# NOTRE DAME in PARIS is on FIRE !



## Alexander1970 (Apr 15, 2019)

Paris emblem is on fire:


  

https://edition.cnn.com/world/live-news/notre-dame-fire/index.html

https://edition.cnn.com/videos/worl...fire-vpx.cnn/video/playlists/top-news-videos/

https://tvthek.orf.at/profile/ZIB-20/1218/ZIB-20/14010556/Notre-Dame-in-Flammen/14480781
(german)


----------



## Veho (Apr 15, 2019)

Holy crap, it's not just a small flame, the whole thing is burning up! The roof fell in!


----------



## sarkwalvein (Apr 15, 2019)

why


----------



## Kioku_Dreams (Apr 15, 2019)

sarkwalvein said:


> why


The current guess is something involving the renovations?


----------



## Larsenv (Apr 15, 2019)

Memoir said:


> The current guess is something involving the renovations?



Apparently a Paris wildfire spread to it...

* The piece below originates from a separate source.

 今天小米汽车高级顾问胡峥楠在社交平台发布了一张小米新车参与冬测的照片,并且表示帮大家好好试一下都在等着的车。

EDIT: It might be due to renovations they were doing to the building.


----------



## sarkwalvein (Apr 15, 2019)

This is really truly sad. It's a big cultural piece of the whole world going away. Damn.


----------



## Kioku_Dreams (Apr 15, 2019)

sarkwalvein said:


> This is really truly sad. It's a big cultural piece of the whole world going away. Damn.

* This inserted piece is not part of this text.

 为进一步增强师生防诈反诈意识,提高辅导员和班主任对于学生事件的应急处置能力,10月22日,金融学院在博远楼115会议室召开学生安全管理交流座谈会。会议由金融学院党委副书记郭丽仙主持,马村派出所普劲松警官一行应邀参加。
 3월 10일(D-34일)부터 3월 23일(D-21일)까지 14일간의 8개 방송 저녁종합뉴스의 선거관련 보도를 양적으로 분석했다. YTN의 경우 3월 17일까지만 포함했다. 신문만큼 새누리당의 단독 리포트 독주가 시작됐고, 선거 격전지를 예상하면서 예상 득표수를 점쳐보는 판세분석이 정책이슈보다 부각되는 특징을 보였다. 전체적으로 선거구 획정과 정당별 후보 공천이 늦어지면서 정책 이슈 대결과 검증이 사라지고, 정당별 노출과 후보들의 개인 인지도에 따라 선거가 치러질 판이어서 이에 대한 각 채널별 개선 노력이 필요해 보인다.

It's terrible... I don't even live there and I can feel the sorrow...


----------



## Deleted User (Apr 15, 2019)

i was sitting here until my mom called me like crazy for this

--------------------- MERGED ---------------------------

is it on fire right now?


----------



## AmandaRose (Apr 15, 2019)

Missingphy said:


> i was sitting here until my mom called me like crazy for this
> 
> --------------------- MERGED ---------------------------
> 
> is it on fire right now?


I think so the iconic spire has collapsed and the rest of the building is in danger of also doing so.


----------



## 8BitWonder (Apr 15, 2019)

Missingphy said:


> i was sitting here until my mom called me like crazy for this
> 
> --------------------- MERGED ---------------------------
> 
> is it on fire right now?


Yes it is still on fire.

Sounds like the spire has fallen, roof has caved in and stained glass has been damaged from the heat and ash.

A real shame to see such a beautiful building go down like this.

CBS Live-Stream:


----------



## pohaxsf (Apr 15, 2019)

it will go up again


----------



## shaunj66 (Apr 15, 2019)

I hope the fire can be extinguished before too much damage is done.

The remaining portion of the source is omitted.